● The problem
Without the images, reproduce each line of the material exactly.

● Dataset section
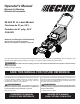 Operator’s Manual Manuel d’utilisation Manual del operador 58 Volt 21 in. Lawn Mower Tondeuse de 21 po, 58 V Podadora de 21 pulg., 58 V CLM-58V Batteries and Chargers Sold Separately Piles et chargeur vendus séparément Baterías y el cargador se venden por s eparado Your lawn mower has been engineered and manufactured to our high standard for dependability, ease of operation, and operator safety. When properly cared for, it will give you years of rugged, trouble-free performance.
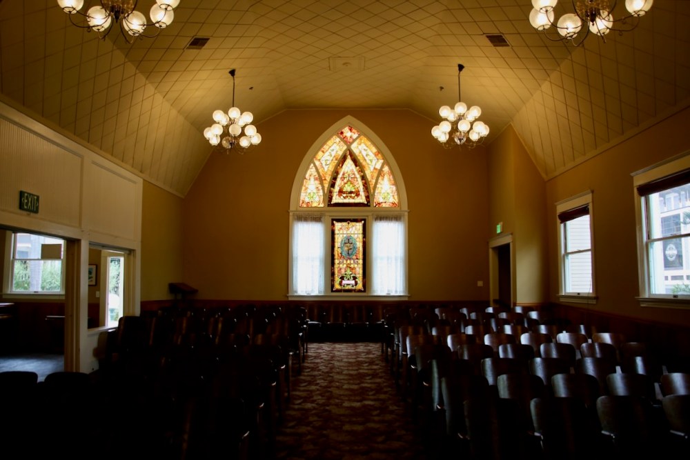 There’s still a church in use, the only wooden one surviving from the founding period of Oxnard that cost $3,176, to include the lot, in 1902. It is now called the Heritage Square Hall. Other buildings accommodate coffee, wine, and dentistry. The courtyard is being used to setup for a wedding reception. We enjoy the curved windows, stained glass, and the last original carving above a leaded window on the Scarlett House. I also watch the squirrels playing, the spider hanging, and a mural fading as we make our way back to the car.
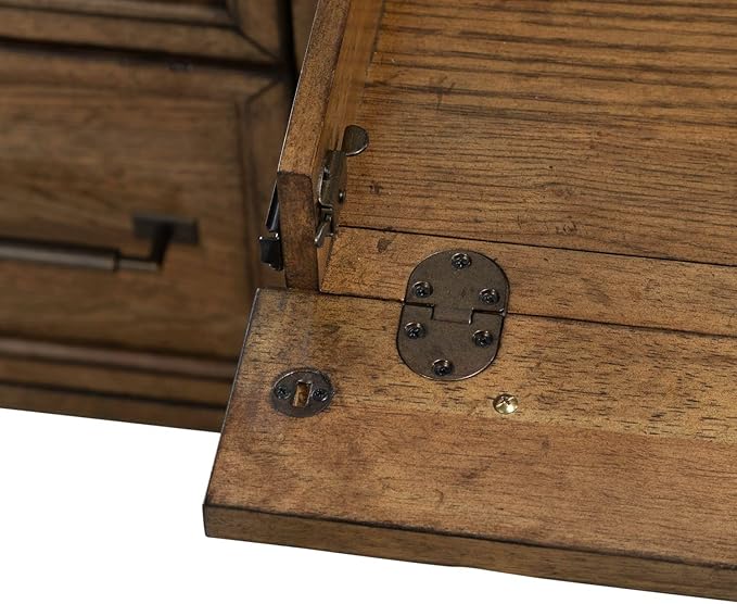 Liberty Furniture Carolina Park Jr Executive Desk with Keyboard Tray, Locking File Storage for Home Office- Amber Brown Oak Wood
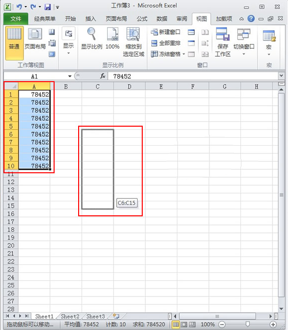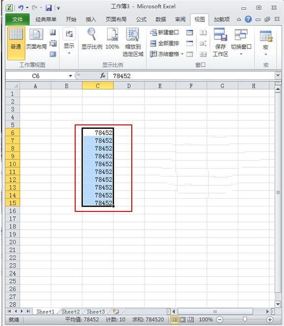 4、就这样我们把刚刚输入的一列数字拖动到C6∶C15了。

● Exercise response
 Operator’s Manual Manuel d’utilisation Manual del operador 58 Volt 21 in. Lawn Mower Tondeuse de 21 po, 58 V Podadora de 21 pulg., 58 V CLM-58V Batteries and Chargers Sold Separately Piles et chargeur vendus séparément Baterías y el cargador se venden por s eparado Your lawn mower has been engineered and manufactured to our high standard for dependability, ease of operation, and operator safety. When properly cared for, it will give you years of rugged, trouble-free performance.
 There’s still a church in use, the only wooden one surviving from the founding period of Oxnard that cost $3,176, to include the lot, in 1902. It is now called the Heritage Square Hall. Other buildings accommodate coffee, wine, and dentistry. The courtyard is being used to setup for a wedding reception. We enjoy the curved windows, stained glass, and the last original carving above a leaded window on the Scarlett House. I also watch the squirrels playing, the spider hanging, and a mural fading as we make our way back to the car.
 Liberty Furniture Carolina Park Jr Executive Desk with Keyboard Tray, Locking File Storage for Home Office- Amber Brown Oak Wood
 4、就这样我们把刚刚输入的一列数字拖动到C6∶C15了。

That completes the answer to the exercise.